*DATA SEGMENT*

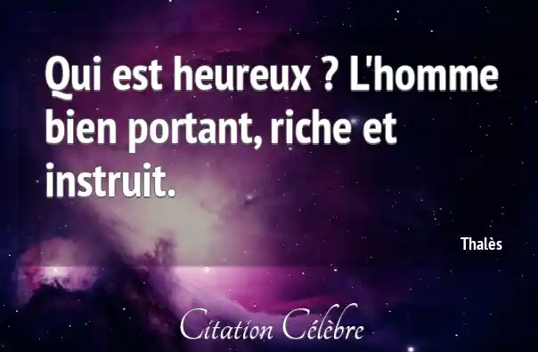 Qui est heureux ? L'homme bien portant, riche et instruit.
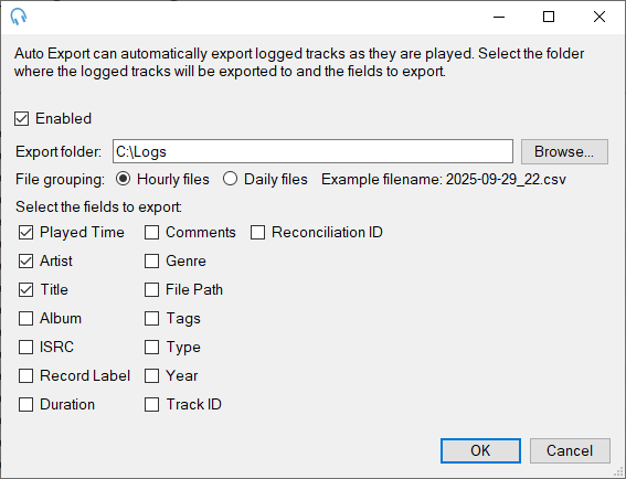 Auto Export automatically exports logged tracks as they are played. When enabled, a CSV file is created for each hour or day (depending on your file grouping selection), and track information is appended to that file each time a track is logged. Click the Auto Export button to configure the export folder and select which track fields to include. The exported files can be easily imported into spreadsheet applications or other systems such as third-party schedulers for reconciliation.
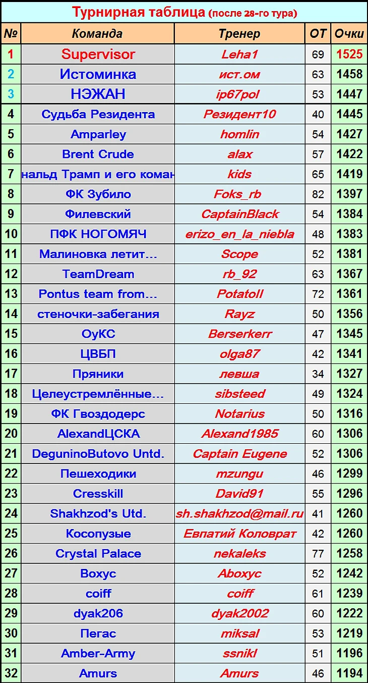 Лидер Чемпионата ФФ - команда "Supervisor" (тренер - Алексей Leha1) - 1525 очков!!!
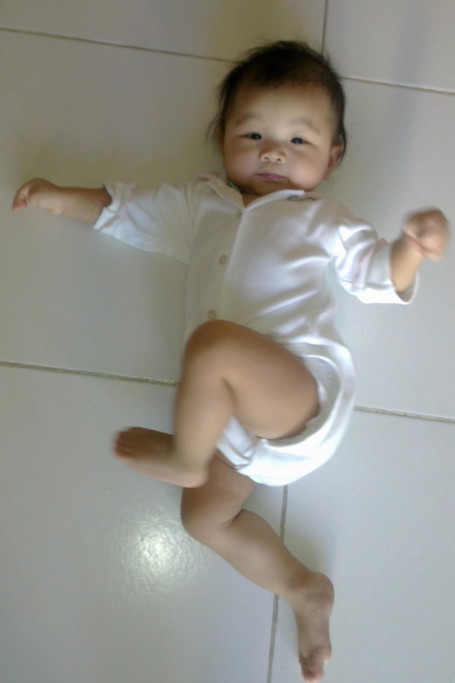 When Shannen was young, she was so scared when we left her on the hard, cold tiles. She would scream for help. As for Sarah.... Take a look for yourself. Lolz..

*GOAL OF THE EXERCISE*
Reproduce all of the material above word for word. Omit the pictures.

*RESULT*
 Qui est heureux ? L'homme bien portant, riche et instruit.
 Auto Export automatically exports logged tracks as they are played. When enabled, a CSV file is created for each hour or day (depending on your file grouping selection), and track information is appended to that file each time a track is logged. Click the Auto Export button to configure the export folder and select which track fields to include. The exported files can be easily imported into spreadsheet applications or other systems such as third-party schedulers for reconciliation.
 Лидер Чемпионата ФФ - команда "Supervisor" (тренер - Алексей Leha1) - 1525 очков!!!
 When Shannen was young, she was so scared when we left her on the hard, cold tiles. She would scream for help. As for Sarah.... Take a look for yourself. Lolz..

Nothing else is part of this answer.